En 2004, le festival « Ai confini tra Sardegna e Jazz » s’intéressait particulièrement à l’œuvre d’
Eric Dolphy (disparu 40 ans plus tôt). Pour l’occasion, colloques et concerts étaient organisés, qui revenaient sur l’homme, son œuvre, son influence. Publié en 2005,
Tender Warrior rassemble un livre et un disque, pose les scellés et fait figure de résumé.
Quand le livre revient sur les effets de la carrière du clarinettiste, saxophoniste et flûtiste, sur le jazz et les musiques improvisées, interroge à son propos une pléiade de musiciens (tels que
Joe McPhee,
Jef Sicard,
Ken Vandermark,
Otomo Yoshihide), donne à lire sa dernière interview et retranscrit la discographie du maître élaborée par ses biographes Vladimir Simosko et Barry Tepperman, le disque offre une sélection des concerts donnés cette année là à Santa’Anna Arresi.
Pêchant ici dans le répertoire de
Dolphy, improvisant là, les musiciens rendent des hommages différents. Des polyphonies étranges du launedda accompagnées par les tablas et darboukas (pour le résultat approximatif de
Red Planet de
Coltrane on Launeddas, enchaînant leurs solos plus que naïvement) à l’interprétation par l’
Eric Dolphy’s Memorial Barbecue d’
Out to Lunch et
Out There sur le mode brouillon, en passant par le duo
Tim Berne (saxophone) /
Umberto Petrin (piano) au contemporain pompier, l’auditeur avait de quoi craindre le pire.
Heureusement,
Nexus, formation locale plutôt en verve, enchaîne une composition personnelle et la
Jitterbug Waltz, passant d’un free radical à une impression atmosphérique, pour rendre ensuite avec les honneurs
245 et
Lotsa Potsa. Le duo
Matthew Shipp /
David S. Ware, ensuite, improvisant
Two for Eric, combinant leurs improvisations individuelles, toutes à l’écoute de l’inspiration. Courte, l’improvisation ramasse assez d’évidences pour excuser les faux pas pratiqués ailleurs sur le disque.

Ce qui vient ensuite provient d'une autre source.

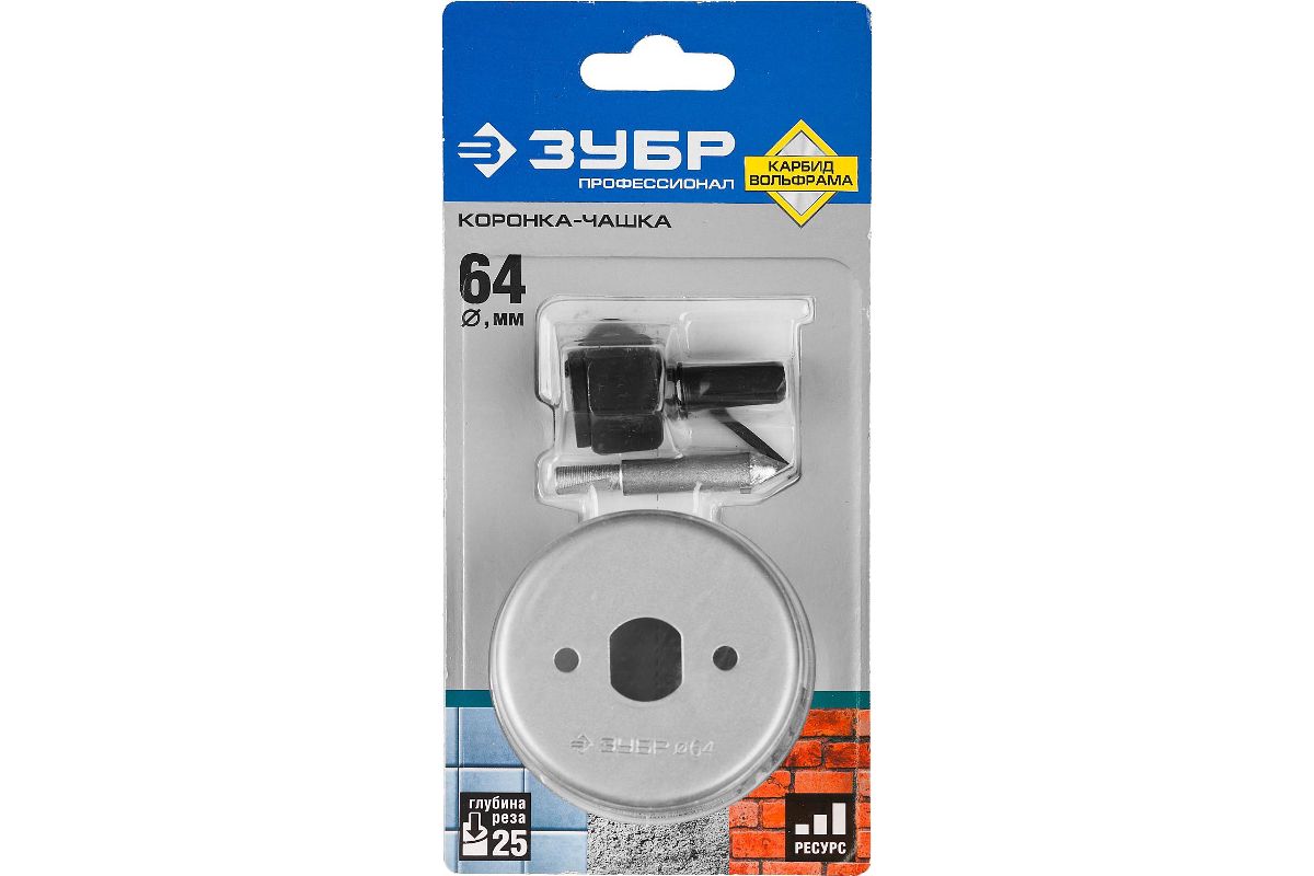 Коронка-чашка Зубр Профессионал 33360-064_z01 64мм X 25мм с карбид-вольфр. покрытием, в сборе
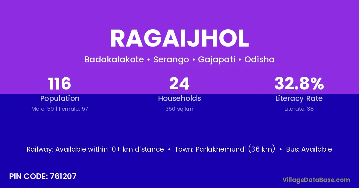 Parlakhemundi (36 km) is the nearest town to Ragaijhol village for major economic activities and is located approximately 36 km away.

En guise de conclusion, un extrait d’un des derniers concerts de
Dolphy. En compagnie du
Bob James Trio, le 1er mars 1964,
Dolphy passe d’un instrument à l’autre sur la partition déposée par ses accompagnateurs. Dissonant, stimulant et dense,
Strenght And Unity dévoile sans doute ce qu’aurait pu être sa musique par la suite : plus étrange, forcément ; plus inédite encore.